The information processing apparatus according to claim 1, wherein the specifying means identifies the location according to an attribute of a character string included in the data.

The information processing according to claim 1 or 2, wherein the display control means controls the display method of the location based on the result of comparing the recognition data and the text data at the specified location. Device.

The information according to claim 1 to 3, wherein the display control means notifies the data of the text data at the specified location when there is a difference between the recognition data and the text data.
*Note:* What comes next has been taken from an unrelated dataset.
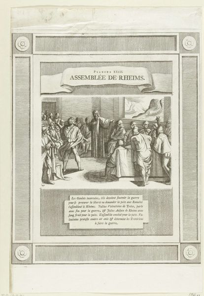 This print, titled "Geheime ontmoeting van Civilis met leiders van de Teviri, 69-70," was made by an anonymous artist, likely around that period. Notice how the artist uses a structured, almost architectural framing device to contain two distinct spatial realms. To the left, a flurry of figures in an outdoor, military setting contrasts sharply with the right side, which depicts an interior space with a gathering of what appears to be officials. The use of line is meticulous, creating a sense of depth and hierarchy within the composition. The figures are meticulously rendered, each line contributing to the texture of their garments and the overall scene. This division between the public, chaotic military sphere and the enclosed, ordered council room suggests a duality in power and decision-making. The print's structure seems to comment on the relationship between leadership and its execution, challenging fixed notions of authority and control. This artwork invites us to consider how power is negotiated, represented, and ultimately, destabilized through visual form.
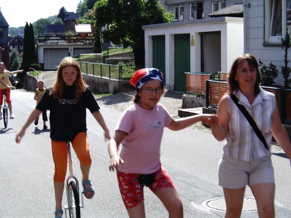 Diesmal ging es nicht um Technik und Geschicklichkeit wie bei den "normalen" Übungsstunden in der Halle sondern um ein Erlebnis in der Gruppe. So sah man am Montag nachmittag eine lange Schlange von Kindern mit dem Einrad durchs Dorf fahren.

Processing equipment.

The information processing apparatus according to any one of claims 1 to 4, further comprising a receiving means for receiving correction of the recognition data at the specified location.

The information processing apparatus according to any one of claims 1 to 5, wherein the text data is text data of a manuscript of the voice data.

It is a control method of an information processing device that acquires recognition data that is a voice recognition result of voice data and text data corresponding to the voice data.
A specific step in which the specific means identifies a point of interest in the recognition data or the text data, and
A control method for an information processing apparatus, wherein the display control means includes a display control step for identifying and displaying the specified portion when displaying a result of comparing the recognition data with the text data.

A program that can be executed in an information processing device that acquires recognition data that is a voice recognition result of voice data and text data corresponding to the voice data.
The information processing device
A specific means for identifying a point of interest in the recognition data or the text data, and
A program for functioning as a display control means for identifying and displaying the specified portion when displaying the result of comparing the recognition data and the text data.